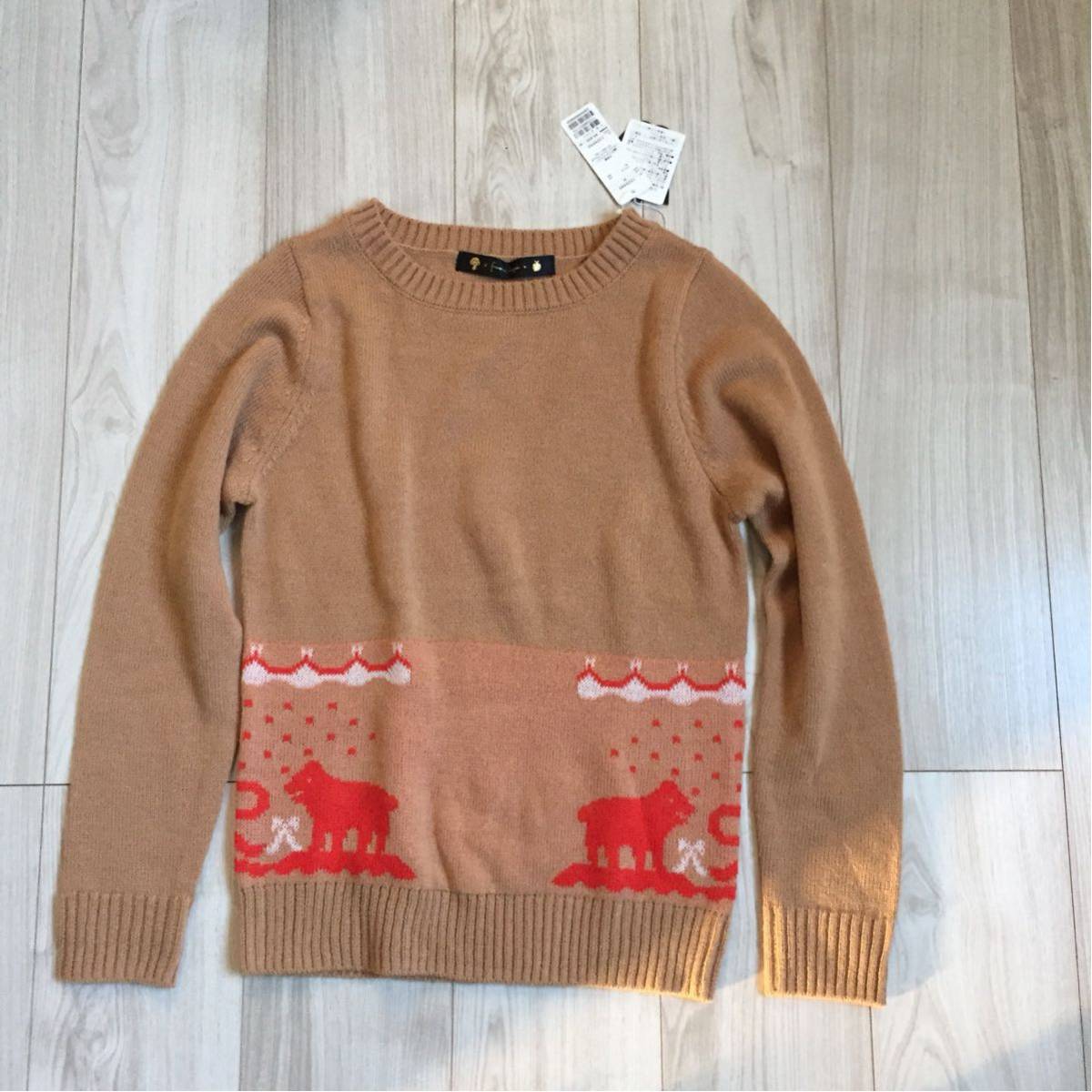 新品タグ 未使用 未着 franche lippee black フランシュリッペ ブラック 毛混 可愛いクマ柄長袖ニット
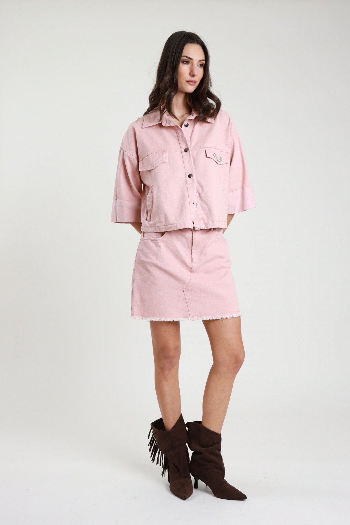 Minigonna in Bull Denim con Cintura in Vita, Sfrangiata sul Fondo.
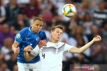 Pemain Jerman Thilo Kehrer berebut bola dengan pemain Estonia Sander Puri dalam laga lanjutan kualifikasi Piala Eropa 2020 Grup C di Opel Arena, Mainz, Rabu (12/6/2019) dini hari. Jerman cukur Estonia 8-0. ANTARA FOTO/REUTERS/Ralph Orlowski/pras.
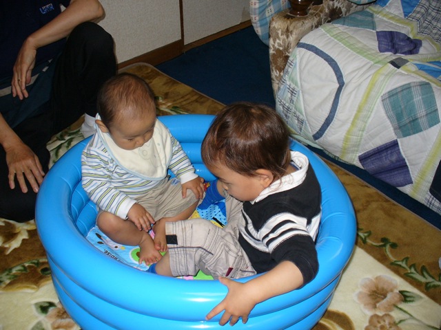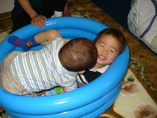 パパのばあばに、洋服と靴とプールを買ってもらいました。
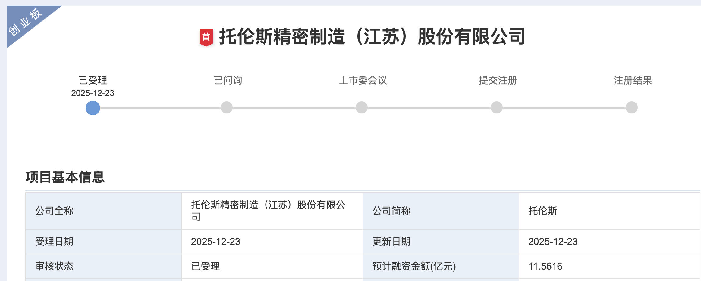 公司IPO与募资计划 - 托伦斯精密制造(江苏)股份有限公司创业板IPO申请已于2025年12月23日获深交所受理 [1][2] - 公司计划募集资金总额为11.56亿元人民币 [1][4] 公司业务与产品定位 - 公司是国内领先的精密金属零部件研发、生产和销售综合服务商,致力于为半导体设备提供高性能关键零部件 [2] - 产品包括关键工艺零部件、工艺零部件、结构零部件、气体管路及系统组装产品等 [2] - 在半导体关键工艺零部件领域,公司已量产腔体、内衬、加热器、匀气盘等产品,并成功实现冷盘、多管式加热反射罩、气体分布盘、静电卡盘基体等复杂结构零部件的生产 [2] - 公司工艺能力同时覆盖激光设备领域,可提供高功率激光器所需的激光器腔体和冷却工艺零部件产品 [2] 技术与工艺能力 - 公司整体工艺水平位居国内厂商第一梯队 [3] - 核心技术全面覆盖高精度机械制造、焊接及表面处理三大领域,并形成了复杂精密零部件工艺整合与检测能力 [3] 客户与市场应用 - 公司深度服务本土半导体设备厂商,产品已进入北方华创、中微公司等客户的供应体系 [3] - 产品应用于刻蚀设备、薄膜沉积设备、抛光设备、退火设备等核心设备,覆盖逻辑芯片、存储芯片工艺设备及先进封装等领域 [3] - 公司已成功导入国际知名激光设备企业Lumentum的供应链 [3] 财务业绩与成长性 - 2022年至2025年上半年,公司主营业务收入分别为2.79亿元、2.87亿元、6.06亿元和3.7亿元 [3] - 同期净利润分别为3394.53万元、1530.47万元、1.06亿元和6085.23万元 [3] - 最近3年主营业务收入和净利润的复合年增长率分别约为47.37%和76.31% [3] - 在半导体国产化替代加速及精密零部件需求提升的背景下,公司业务整体保持增长,具有较好的成长性 [3] 募投项目规划 - 本次募集资金将投资于“托伦斯精密零部件制造及研发基地项目”及补充流动资金 [4] - 募投项目符合国家产业政策和公司发展战略,有助于巩固并提升公司在半导体精密零部件行业的市场地位 [4] - 通过项目实施,公司将加大新技术和新产品的研发投入与产线布局,以提高创新能力和核心竞争力 [4]
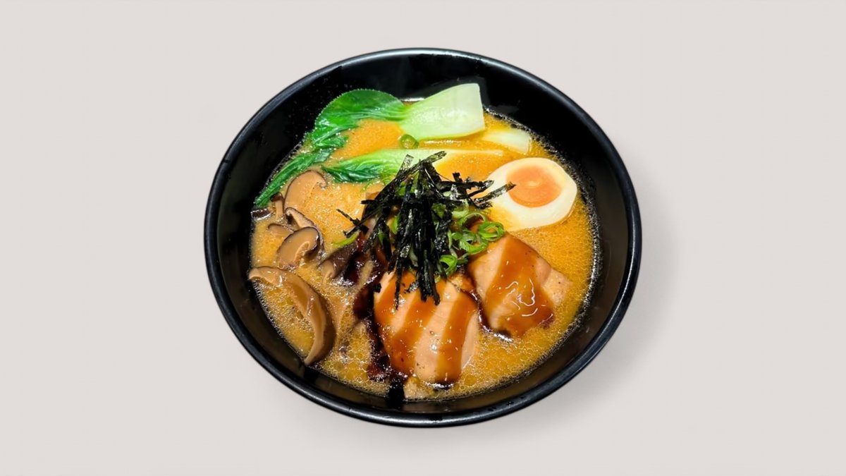 mit veganer Brühe, Weizennudeln, Pak Choi, Lauchzwiebeln, mariniertem Ei, Nori, Chicken Teriyaki und Shiitake Pilzen

────────

▸ **What is required**
From the first line of the listing above, repeat every line through the one holding "パパのばあばに、洋服と靴とプールを買ってもらいました。". Both ends count, and pictures stay out.

▸ **Your solution**
 新品タグ 未使用 未着 franche lippee black フランシュリッペ ブラック 毛混 可愛いクマ柄長袖ニット
 Minigonna in Bull Denim con Cintura in Vita, Sfrangiata sul Fondo.
 Pemain Jerman Thilo Kehrer berebut bola dengan pemain Estonia Sander Puri dalam laga lanjutan kualifikasi Piala Eropa 2020 Grup C di Opel Arena, Mainz, Rabu (12/6/2019) dini hari. Jerman cukur Estonia 8-0. ANTARA FOTO/REUTERS/Ralph Orlowski/pras.
 パパのばあばに、洋服と靴とプールを買ってもらいました。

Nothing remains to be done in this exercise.